→ **Task item**:
Give back the exact lines of the material below from the one containing "Wunderbar für Kleiderschrank" through the one containing "Bước 5: Bạn", and no pictures.

→ **The data**:
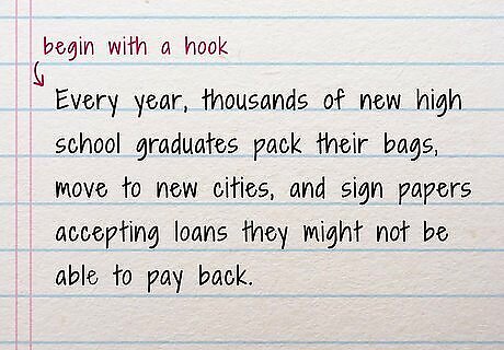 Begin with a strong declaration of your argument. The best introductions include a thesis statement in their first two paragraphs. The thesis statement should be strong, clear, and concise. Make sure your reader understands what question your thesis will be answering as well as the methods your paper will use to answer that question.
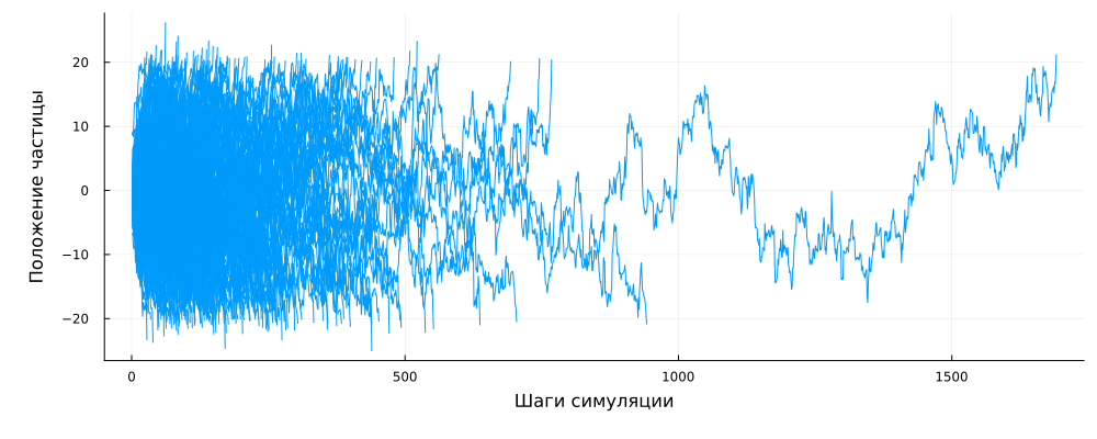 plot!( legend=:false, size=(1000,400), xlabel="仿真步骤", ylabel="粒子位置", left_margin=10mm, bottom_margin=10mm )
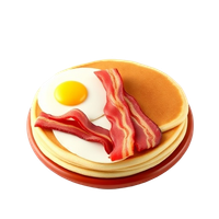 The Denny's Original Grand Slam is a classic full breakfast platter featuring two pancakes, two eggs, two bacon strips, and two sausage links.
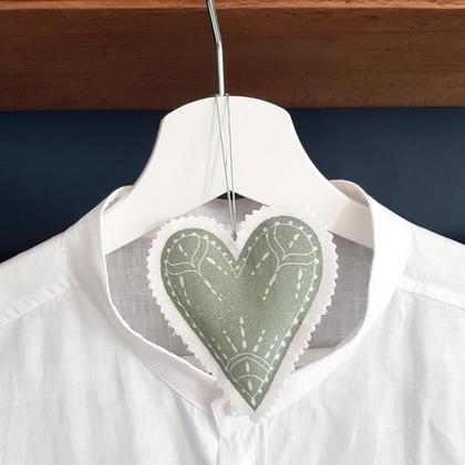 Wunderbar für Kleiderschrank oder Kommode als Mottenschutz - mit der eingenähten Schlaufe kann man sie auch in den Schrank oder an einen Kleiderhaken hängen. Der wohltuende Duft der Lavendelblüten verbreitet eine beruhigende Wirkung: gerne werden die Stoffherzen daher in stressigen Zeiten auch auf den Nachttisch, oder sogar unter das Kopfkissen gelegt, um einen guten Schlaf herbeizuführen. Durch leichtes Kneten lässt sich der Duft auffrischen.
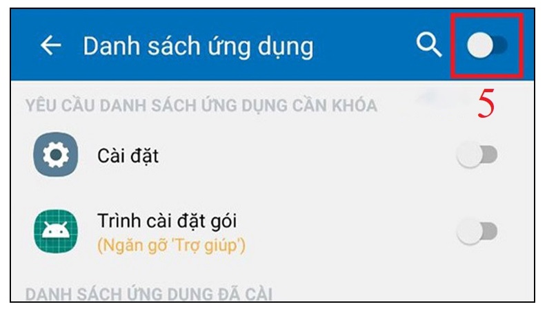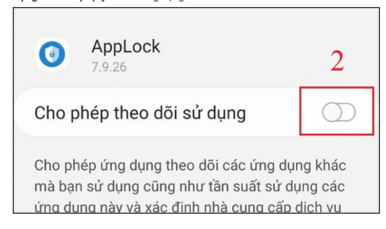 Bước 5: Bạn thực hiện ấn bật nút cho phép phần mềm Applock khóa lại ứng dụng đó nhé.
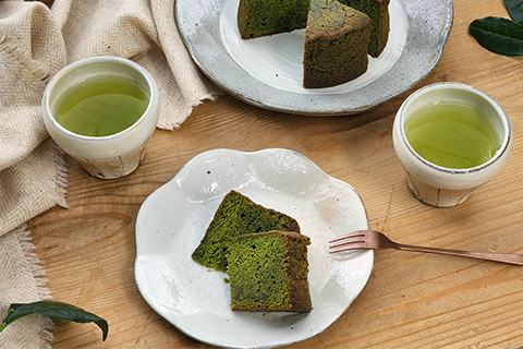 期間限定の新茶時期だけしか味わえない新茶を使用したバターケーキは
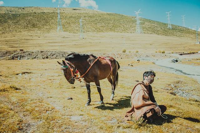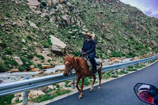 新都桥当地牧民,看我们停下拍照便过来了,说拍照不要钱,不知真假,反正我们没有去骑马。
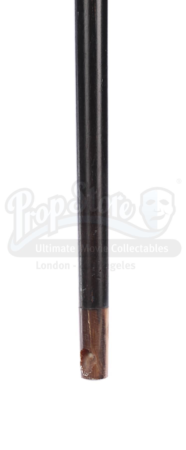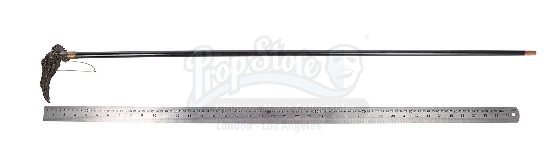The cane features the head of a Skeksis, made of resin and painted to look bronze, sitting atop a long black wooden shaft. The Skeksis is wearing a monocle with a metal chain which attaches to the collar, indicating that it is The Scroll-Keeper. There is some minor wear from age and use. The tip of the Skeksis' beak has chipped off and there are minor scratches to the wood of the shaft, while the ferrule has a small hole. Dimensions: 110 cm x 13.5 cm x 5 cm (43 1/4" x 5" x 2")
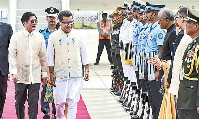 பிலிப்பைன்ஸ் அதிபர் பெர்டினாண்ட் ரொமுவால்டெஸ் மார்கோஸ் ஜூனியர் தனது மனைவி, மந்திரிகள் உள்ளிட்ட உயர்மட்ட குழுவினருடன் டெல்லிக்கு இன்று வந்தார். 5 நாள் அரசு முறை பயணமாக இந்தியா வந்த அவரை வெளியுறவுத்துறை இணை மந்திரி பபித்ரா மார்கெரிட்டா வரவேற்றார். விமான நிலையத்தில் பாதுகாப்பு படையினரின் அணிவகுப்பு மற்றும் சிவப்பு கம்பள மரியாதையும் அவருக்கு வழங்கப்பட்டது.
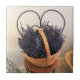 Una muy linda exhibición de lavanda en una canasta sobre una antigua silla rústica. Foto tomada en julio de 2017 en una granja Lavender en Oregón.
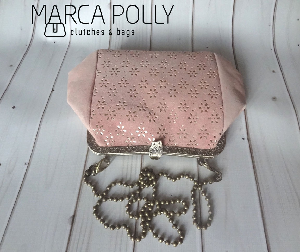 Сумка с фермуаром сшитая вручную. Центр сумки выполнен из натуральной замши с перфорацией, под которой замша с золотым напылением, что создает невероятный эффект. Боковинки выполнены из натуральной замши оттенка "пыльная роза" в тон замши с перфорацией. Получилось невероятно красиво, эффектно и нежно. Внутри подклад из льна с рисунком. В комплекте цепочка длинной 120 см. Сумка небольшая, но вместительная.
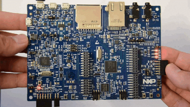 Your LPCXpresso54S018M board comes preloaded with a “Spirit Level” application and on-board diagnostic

* * *

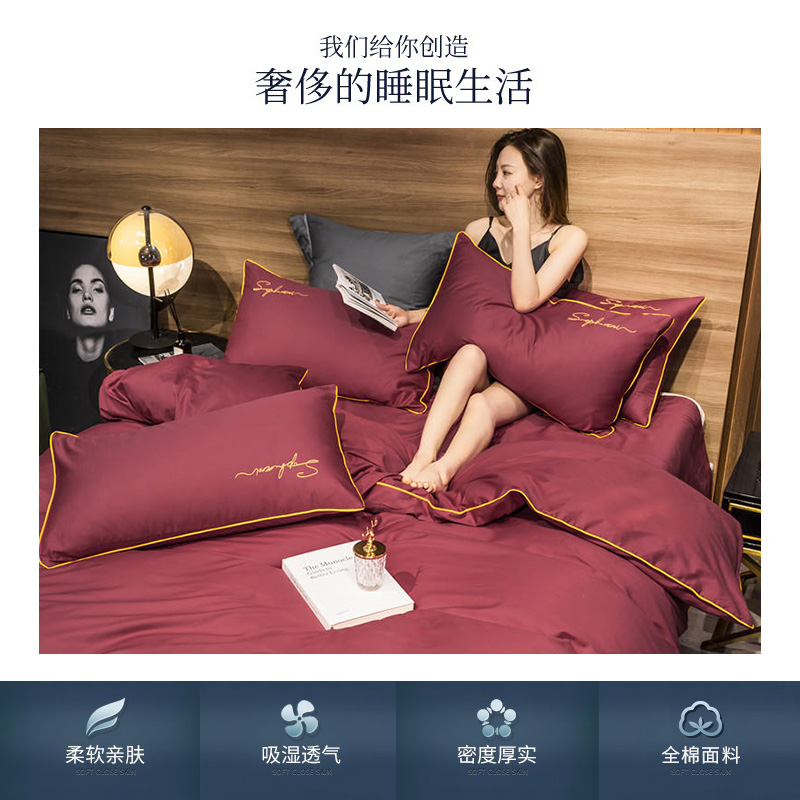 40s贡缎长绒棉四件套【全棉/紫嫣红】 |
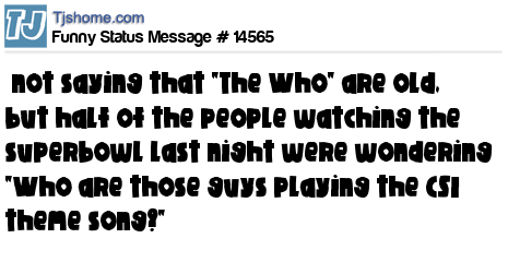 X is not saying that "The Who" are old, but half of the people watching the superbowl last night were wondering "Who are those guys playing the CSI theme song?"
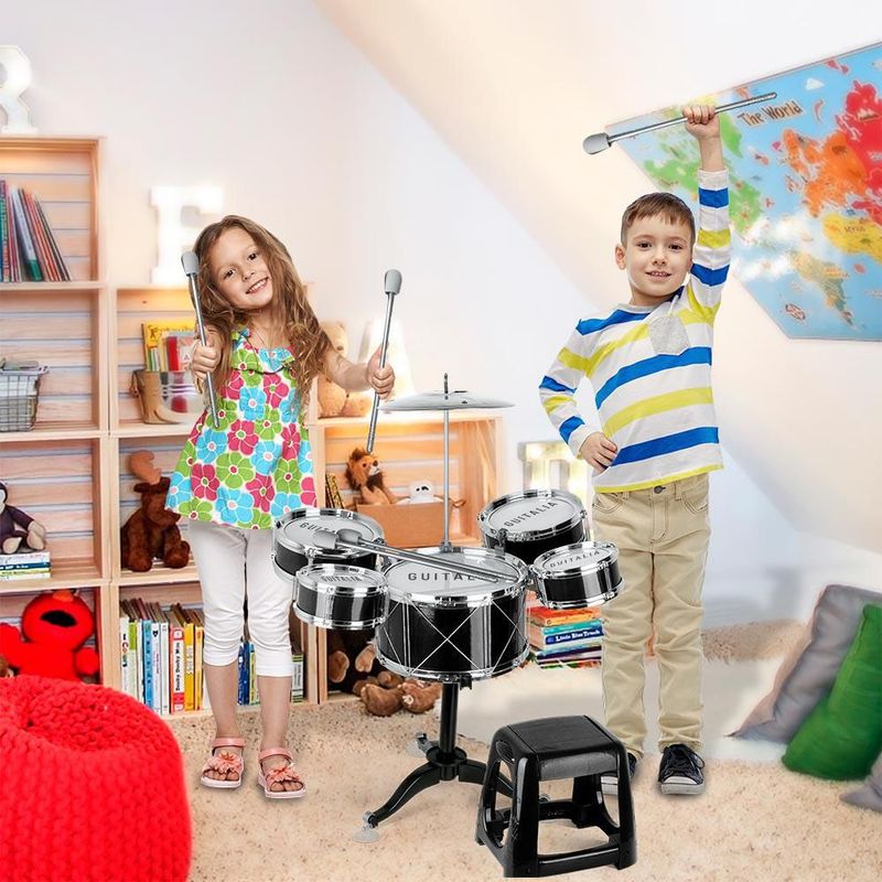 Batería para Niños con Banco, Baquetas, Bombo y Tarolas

--

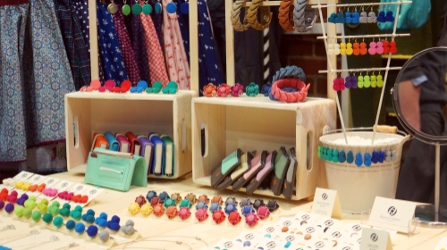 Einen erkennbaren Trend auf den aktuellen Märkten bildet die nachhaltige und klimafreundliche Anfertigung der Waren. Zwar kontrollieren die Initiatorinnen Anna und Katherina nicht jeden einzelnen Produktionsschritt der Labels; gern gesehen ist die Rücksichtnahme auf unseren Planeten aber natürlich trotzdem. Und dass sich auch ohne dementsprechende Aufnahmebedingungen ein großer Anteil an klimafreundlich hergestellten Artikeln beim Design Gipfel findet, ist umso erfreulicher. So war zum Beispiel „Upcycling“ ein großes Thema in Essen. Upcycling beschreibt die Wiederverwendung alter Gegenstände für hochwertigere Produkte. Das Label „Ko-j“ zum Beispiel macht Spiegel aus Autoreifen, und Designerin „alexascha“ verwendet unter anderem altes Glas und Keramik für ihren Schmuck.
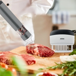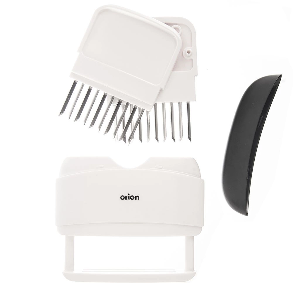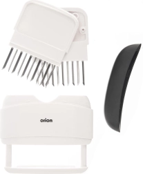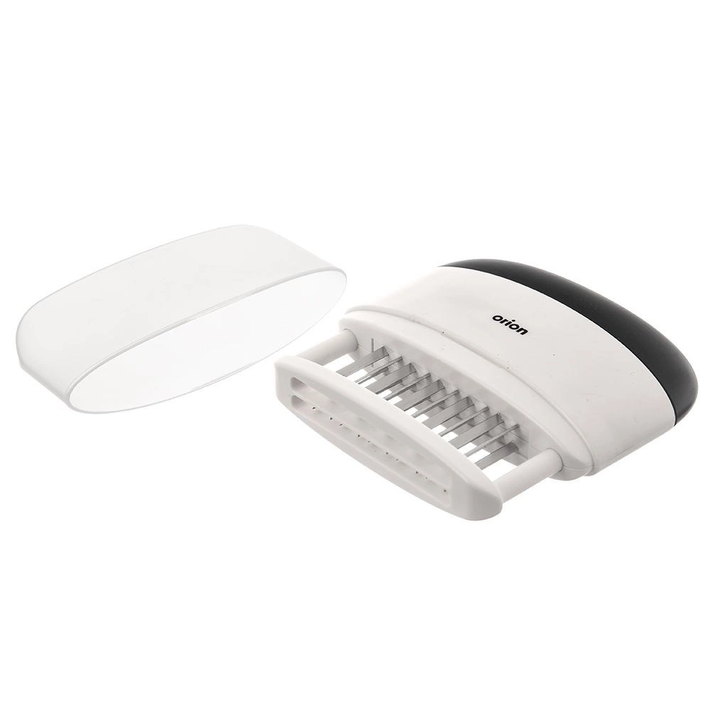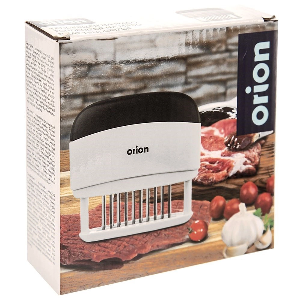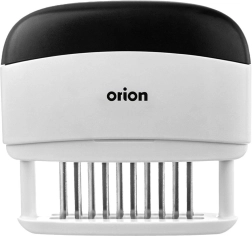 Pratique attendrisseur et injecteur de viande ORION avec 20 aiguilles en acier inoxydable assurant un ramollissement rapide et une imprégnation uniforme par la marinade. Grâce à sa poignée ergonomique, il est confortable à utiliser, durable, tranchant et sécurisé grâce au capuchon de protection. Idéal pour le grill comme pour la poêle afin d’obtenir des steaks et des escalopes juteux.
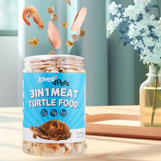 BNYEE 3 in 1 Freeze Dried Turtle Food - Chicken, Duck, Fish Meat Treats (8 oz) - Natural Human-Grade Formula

→ **Answer space**:
 Wunderbar für Kleiderschrank oder Kommode als Mottenschutz - mit der eingenähten Schlaufe kann man sie auch in den Schrank oder an einen Kleiderhaken hängen. Der wohltuende Duft der Lavendelblüten verbreitet eine beruhigende Wirkung: gerne werden die Stoffherzen daher in stressigen Zeiten auch auf den Nachttisch, oder sogar unter das Kopfkissen gelegt, um einen guten Schlaf herbeizuführen. Durch leichtes Kneten lässt sich der Duft auffrischen.
 Bước 5: Bạn thực hiện ấn bật nút cho phép phần mềm Applock khóa lại ứng dụng đó nhé.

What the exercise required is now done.